Defense is fine, not special, but the Heat have a track record of turning “fine” into “annoying as hell to play against” in their system. Heat Culture is a real thing in terms of development, even if it gets meme’d to death. If Conwell buys in, he could carve out a rotation spot by midseason.

Here’s the thing about this pick though. Miami didn’t need a star. They needed a guy who can stand in the corner, catch a pass from Giannis, and make the defense pay for helping. Conwell checks that box. He’s 22 years old, which is old for a rookie, but that also means he’s closer to contributing right now than a 19-year-old project would be.

The 2026 draft class was deep. Moving up from 41 to 37 might not sound like much, but in a draft where second-round guys have first-round talent, those four spots mattered. The Heat front office identified their guy and got him without giving up anything real.
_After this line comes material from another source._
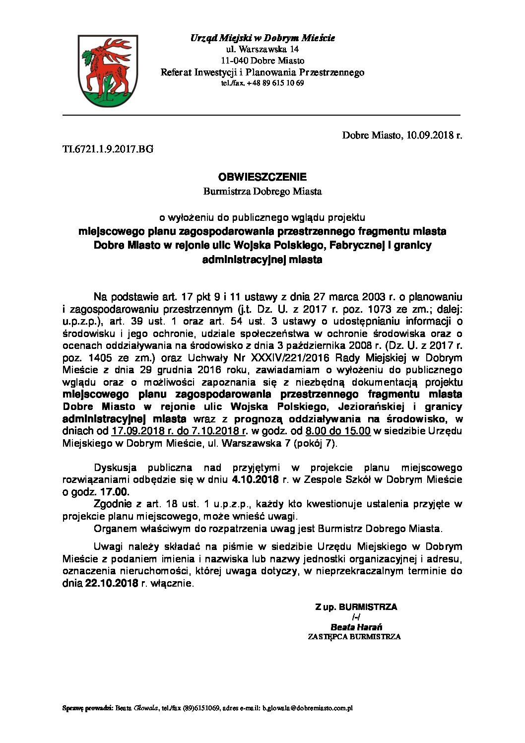 OBWIESZCZENIE Burmistrza Dobrego Miasta o wyłożeniu do publicznego wglądu projektu miejscowego planu zagospodarowania przestrzennego fragmentu miasta Dobre Miasto w rejonie ulic Wojska Polskiego, Fabrycznej i granicy administracyjnej miasta
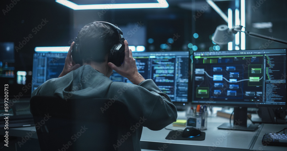 The watermark will not be included on Wall mural.: Young hacker working alone, hacking corporate data servers from his underground hideout - hacktivist

Grading a second-round pick is tricky because expectations are low. Calling it a steal would be too much. But a B+ feels right. Conwell fills a specific need for a contender that stripped its perimeter depth to acquire a superstar. If he shoots 38 percent from deep and plays passable defense, the Heat will be thrilled. If he doesn’t, well, it’s a second-round pick. The risk was minimal.

Miami’s draft grade isn’t about the player alone. It’s about the context. They got Giannis. The draft was about filling around the edges. Conwell fits that job description better than most second-round guards do.